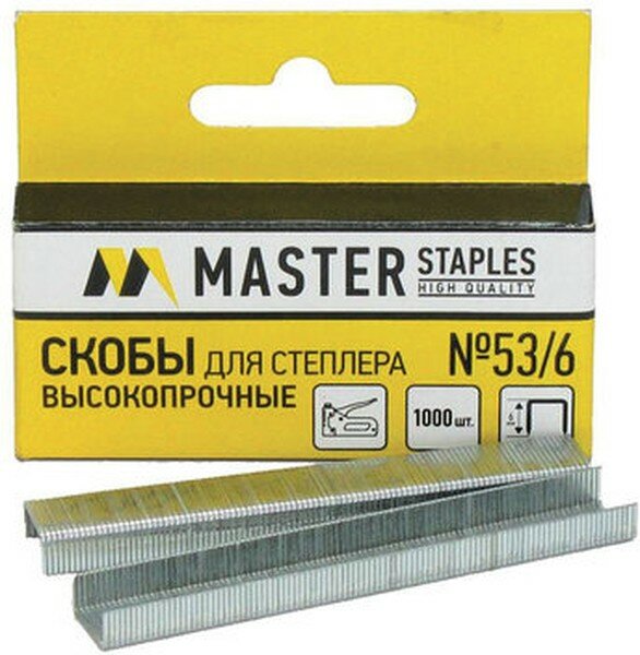Скобы для степлера строительного/мебельного Master/Глобус, тип 53, 14 мм, 1000 штук в упаковке
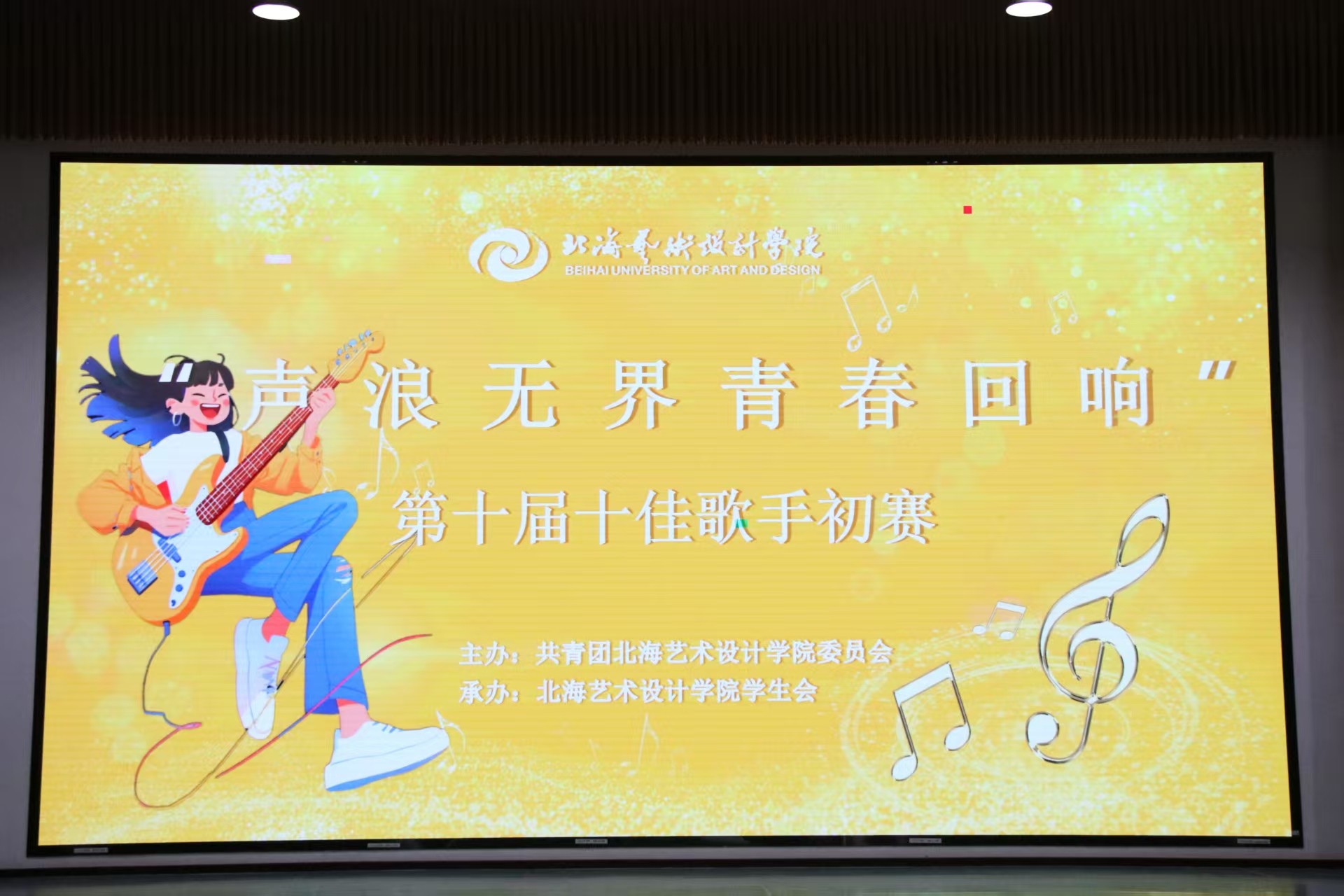 青春的旋律需要舞台绽放,年轻的声音渴望被世界听见!为丰富校园文化生活,提升学生艺术审美素养,展现新时代青年朝气蓬勃的精神风貌,我校以“声浪无界,青春回响”为主题的校园十佳歌手海选于4月25日晚在西校区大礼堂顺利开展。出席本次活动的评委老师分别是张涵宇老师、刘琛钊老师、张纭逢老师。
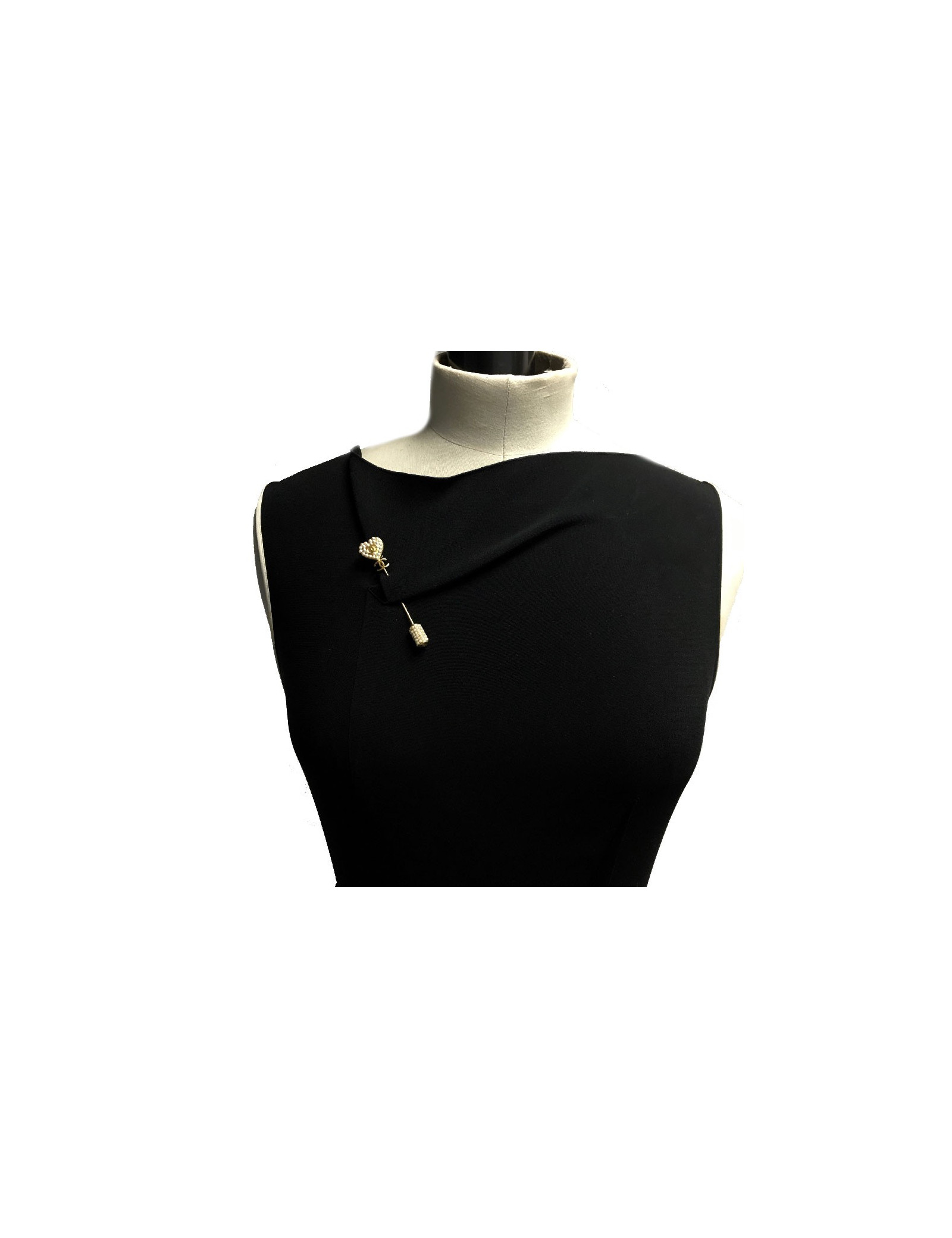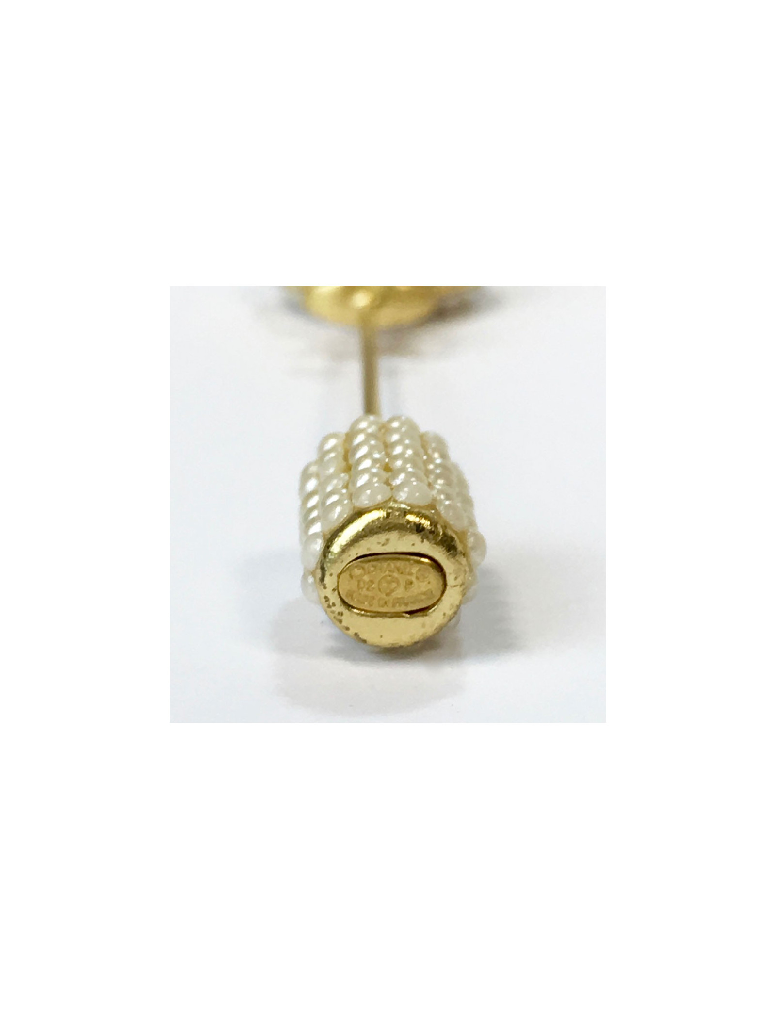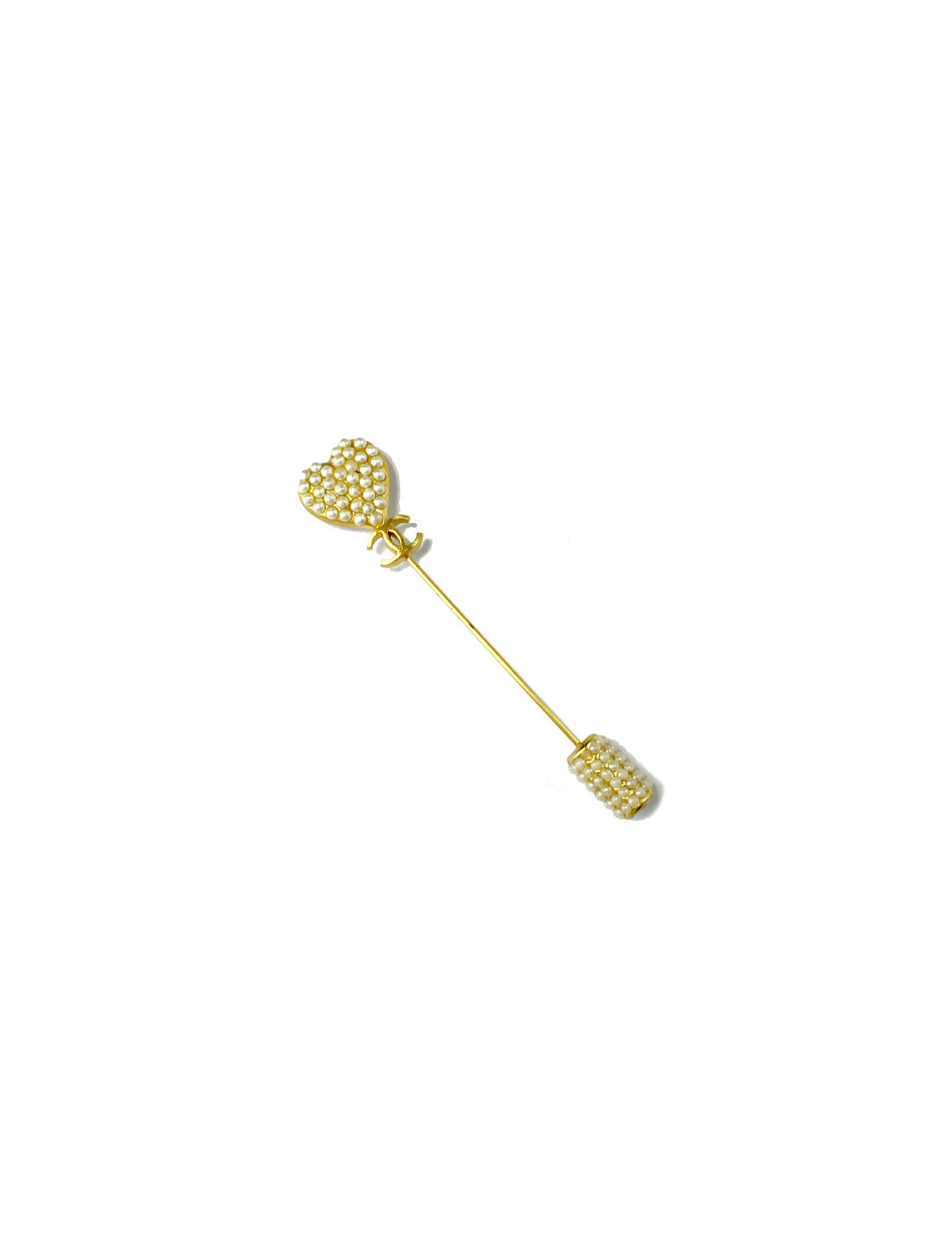 Epingle Chanel en métal doré or mat, coeur et fermoir sertis de perles nacrées.

-------------------------

■ **WORK INSTRUCTION**
Retype, word for word, only the line holding "青春的旋律需要舞台绽放,年轻" and the lines after it through the final line of the listing above, and leave every picture out.

■ **ANSWER AREA**
 青春的旋律需要舞台绽放,年轻的声音渴望被世界听见!为丰富校园文化生活,提升学生艺术审美素养,展现新时代青年朝气蓬勃的精神风貌,我校以“声浪无界,青春回响”为主题的校园十佳歌手海选于4月25日晚在西校区大礼堂顺利开展。出席本次活动的评委老师分别是张涵宇老师、刘琛钊老师、张纭逢老师。
 Epingle Chanel en métal doré or mat, coeur et fermoir sertis de perles nacrées.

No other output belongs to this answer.